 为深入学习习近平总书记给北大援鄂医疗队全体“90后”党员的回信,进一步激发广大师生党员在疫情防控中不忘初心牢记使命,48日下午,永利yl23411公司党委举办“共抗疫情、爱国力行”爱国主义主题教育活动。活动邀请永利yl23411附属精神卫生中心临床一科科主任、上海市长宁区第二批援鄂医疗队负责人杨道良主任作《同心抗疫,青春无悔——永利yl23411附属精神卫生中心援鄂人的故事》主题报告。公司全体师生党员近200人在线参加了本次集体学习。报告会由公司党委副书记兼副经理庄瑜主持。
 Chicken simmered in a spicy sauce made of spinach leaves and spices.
==
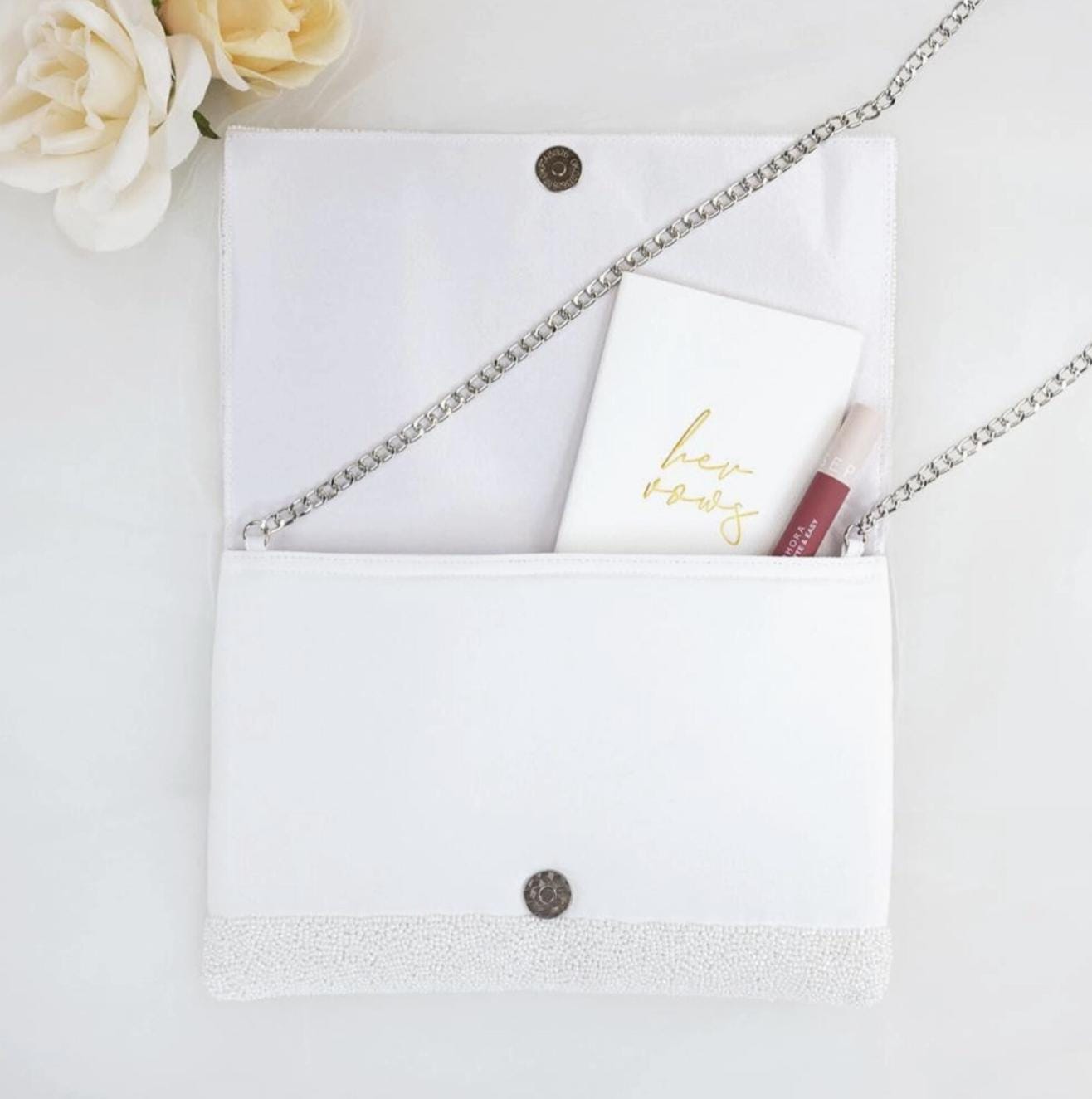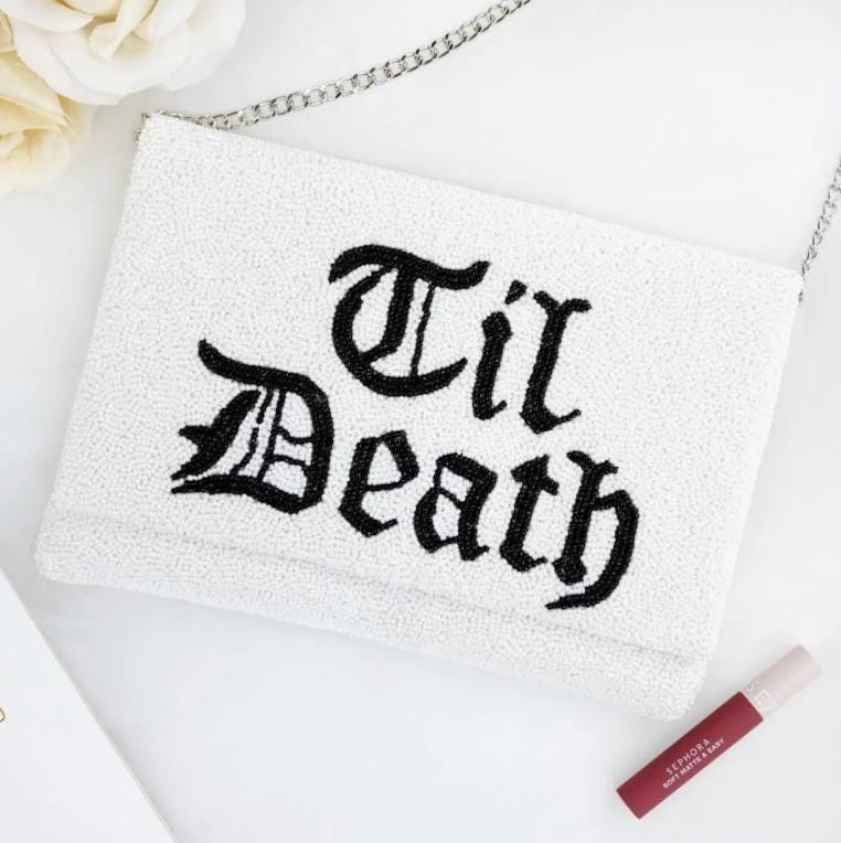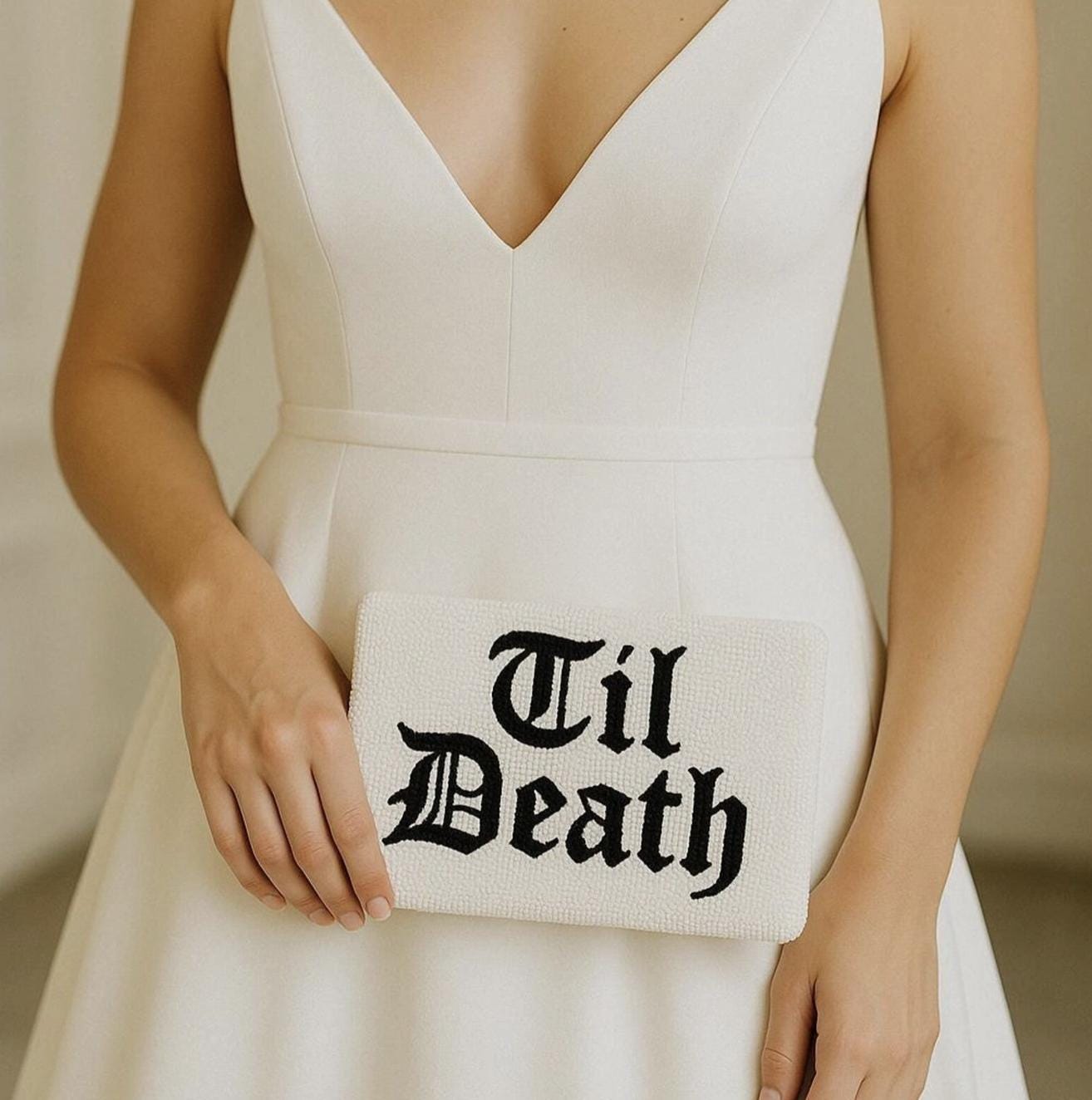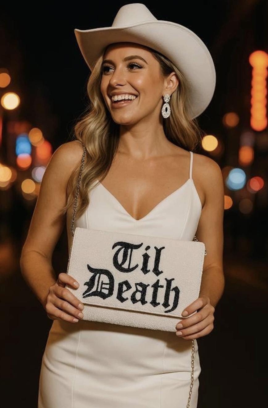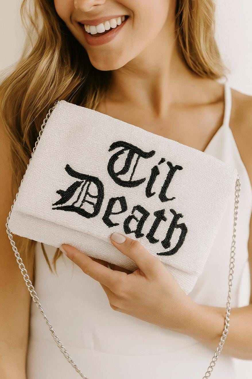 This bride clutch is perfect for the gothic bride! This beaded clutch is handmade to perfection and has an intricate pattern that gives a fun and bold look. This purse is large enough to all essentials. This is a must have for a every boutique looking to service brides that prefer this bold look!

◆ **Task objective**:
From the records above, copy out the line with "为深入学习习近平总书记给北大", the line with "Chicken simmered in", and every line between them, word for word.

◆ **Solved problem**:
 为深入学习习近平总书记给北大援鄂医疗队全体“90后”党员的回信,进一步激发广大师生党员在疫情防控中不忘初心牢记使命,48日下午,永利yl23411公司党委举办“共抗疫情、爱国力行”爱国主义主题教育活动。活动邀请永利yl23411附属精神卫生中心临床一科科主任、上海市长宁区第二批援鄂医疗队负责人杨道良主任作《同心抗疫,青春无悔——永利yl23411附属精神卫生中心援鄂人的故事》主题报告。公司全体师生党员近200人在线参加了本次集体学习。报告会由公司党委副书记兼副经理庄瑜主持。
 Chicken simmered in a spicy sauce made of spinach leaves and spices.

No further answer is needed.